The difference between this experiment and others is that this one has managed to get the neurons to make functional connections to muscle. Previous studies managed to use stem cell therapy to create nerve cells only.
For a limb muscle to move, a brain cell must send a message to a motor neuron, which lies in the spinal cord. The motor neuron in the spinal cord then reaches out to the muscle using axons, long fibers. An impulse is sent down the axons and the muscle contracts. The message relay is done through a complicated system of signalling chemicals.
Dr. Douglas Kerr, lead researcher, and his team, devised a neural concoction that lead to the creation of a network of new motor neurons that could restore the brain's ability to get its message all the way through to the limb muscles.

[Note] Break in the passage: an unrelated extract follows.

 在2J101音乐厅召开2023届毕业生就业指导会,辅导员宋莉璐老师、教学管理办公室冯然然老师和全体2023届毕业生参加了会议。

The scientists got the mouse embryonic stem cells to turn into motor neurons. By adding retinoic acid and sonic hedgehog protein, they managed to get the new motor neurons to exist happily in the spinal cord. They were then delivered into the spinal chords of paralyzed mice.

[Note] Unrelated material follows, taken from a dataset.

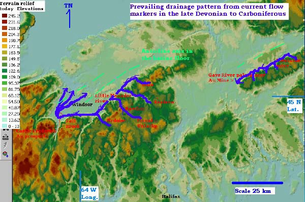 Field mapping and sample analysis of the area tens of kilometers to the north and northeast of exposed Horton formation from where the claim blocks were subsequently staked revealed data that pointed to the current source directions of the sediments placed on the Avonport Peninsula. A combination of sedimentary and paleontological variables as

Naomi Kleitman, U.S. National Institute of Neurological Disorders and Stroke, who helped fund the study, said "We know that there are proteins in this area that inhibit axons from growing in adult animals. They're part of how we keep our nervous system from going haywire during normal function."

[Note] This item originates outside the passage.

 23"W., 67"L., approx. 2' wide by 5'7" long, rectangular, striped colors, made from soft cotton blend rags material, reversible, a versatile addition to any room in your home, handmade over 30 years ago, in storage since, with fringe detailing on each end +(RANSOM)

The scientists had to find a way of preventing this stopping of axons from growing. By adding cyclic AMP and rolipram the scientists were able to stop the body from blocking the growth of axons.
They then managed to get the right axons to grow in the way they wanted by using chemicals which acted like axon growth traffic lights.
In one mouse, 4,100 new motor neurons were created in the spinal cord. Of those, 200 left the cord, of which 120 reached the skeletal muscle. The scientists say the new connections look identical to the ones seen in healthy mice.
Of the 15 paralyzed mice, 11 regained muscle function and strength.
ETA: 2010-2015?
Researchers say further studies are needed, but stressed that this is probably the beginning of something which one day may help paralyzed humans move again.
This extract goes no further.